MY LORENZO combines traditional form with an unapologetically modern idiom that draws on pop culture and shuttles vertiginously between theoryspeak and speakeasy slang.
(This work, published as part of a program providing publication assistance, received financial support from the French Ministry of Foreign Affairs, the Cultural Services of the French Embassy in the United States and FACE [French American Cultural Exchange]).
Sébastien Smirou is the author of three volumes of poetry, all published by P.O.L.: UN TEMPS POUR S’ÉTREINDRE UN TEMPS POUR SE SÉPARER (2011), BEAU VOIR (2008), and our present volume, MON LAURENT (2003). Smirou is a psychoanalyst, with a specialization in working with troubled children. He lives in Montrouge, on the outskirts of Paris.

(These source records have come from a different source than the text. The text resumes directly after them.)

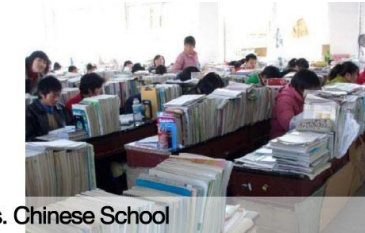
German School vs. Chinese School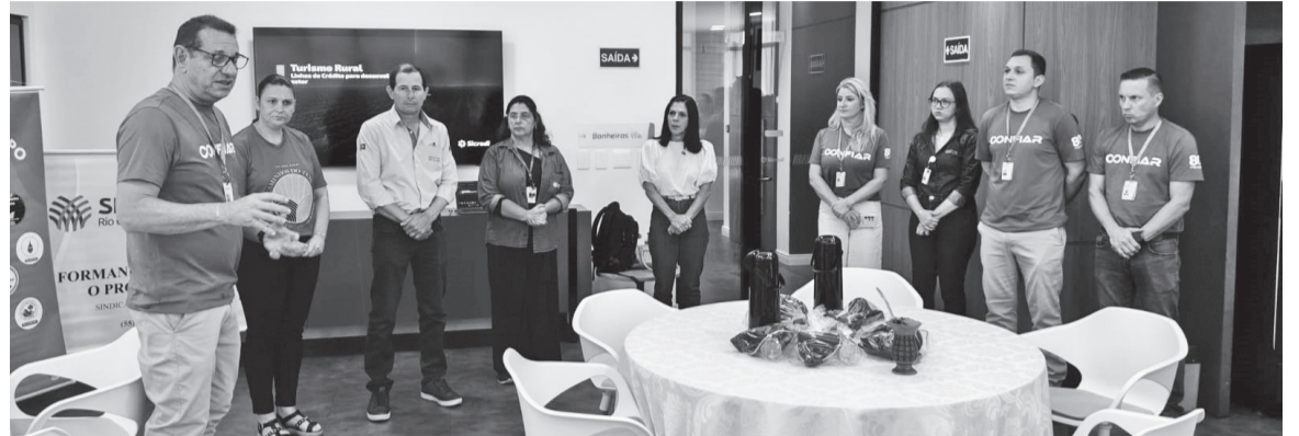
Café com os integrantes do Grupo Caminhos do Tempo contou com uma explanação da equipe da Sicredi Confiança sobre linhas de crédito e serviços da cooperativa voltados ao setor do turismo rural

Na segunda-feira (6), a Sicredi Confiança foi sede um Encontro com o grupo de turismo Caminhos do Sabor, Amor, Sabor e Tradição. O evento foi realizado pelo Sindicato Rural de Três de Maio, Senar RS, Sicredi Confiança e Prefeitura de Três de Maio, por meio da Secretaria da Cultura e Turismo.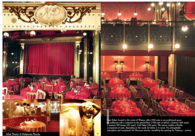
Sabat Theatre of Malgorzata Paszka

Музыкальные представления в данном театре проходят по четвергам, пятницам и субботам. До начала каждого музыкального представления гости театра приглашаются на ужин, который накрыт в банкетном зале. Продолжительность музыкального шоу длится около 2,5 часа. Во время музыкального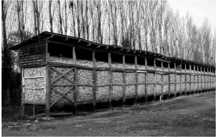
Figura 2. Bodega de acopio y secado de maíz en Batuco.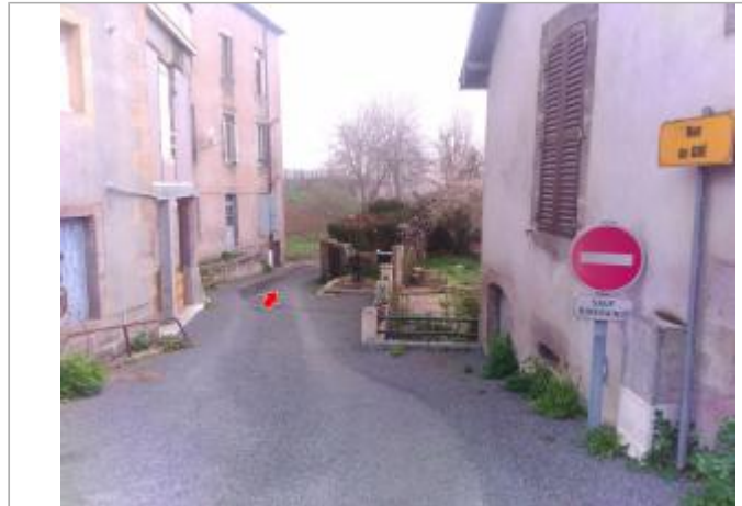
Vue du site en 2024

Coordonnées WGS84 : X: 4.18506400 / Y: 46.86648400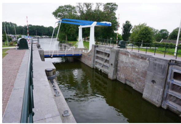
Zicht vanaf buitenhoofd naar binnenhoofd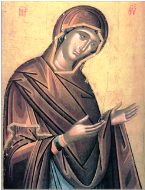
Παναγία δεομένη - Μεγάλης Δεήσεως - ἔτος 1542

Ὁ συγκεκριμένος φυσιογνωμικὸς τύπος τῆς Παναγίας, μὲ τὴ γλυκύτητα τῆς μελαγχολικῆς ἔκφρασης, καὶ ἡ τεχνικὴ τῆς ἐκτέλεσης ἔχουν καὶ πάλι τὴν καταγωγή τους στὴ ζωγραφικὴ τοῦ Ἀγγέλου, ὅπως μπορούμε νὰ τὸ διαπιστώσουμε, συγκρίνοντας τὴν Παναγία τῆς Μεγάλης Δεήσεως μὲ τὴν Παναγία ἀπὸ τὴ Δέηση τοῦ Ἀγγέλου στὴν Ἁγία Μονὴ Βιάννου τῆς Κρήτης.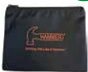
スベアパーツバッグ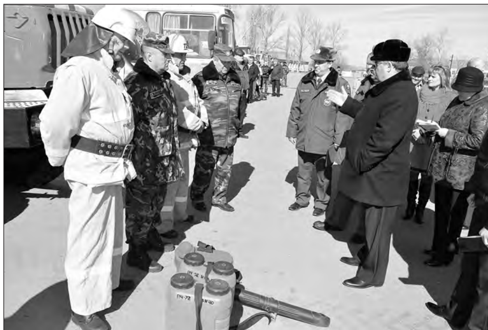
Противопожарные силы – на линейке готовности

Любовь ГЕРУСОВА

Andrew Zawacki is the author of three poetry books—PETALS OF ZERO PETALS OF ONE (Talisman House), ANABRANCH (Wesleyan), and BY REASON OF BREAKINGS (Georgia). Coeditor of VERSE, editor of AFTERWARDS: SLOVENIAN WRITING 1945-1995 (White Pine), he has also co-translated Aleš Debeljak’s WITHOUT ANESTHESIA (forthcoming from Persea). He teaches at the University of Georgia.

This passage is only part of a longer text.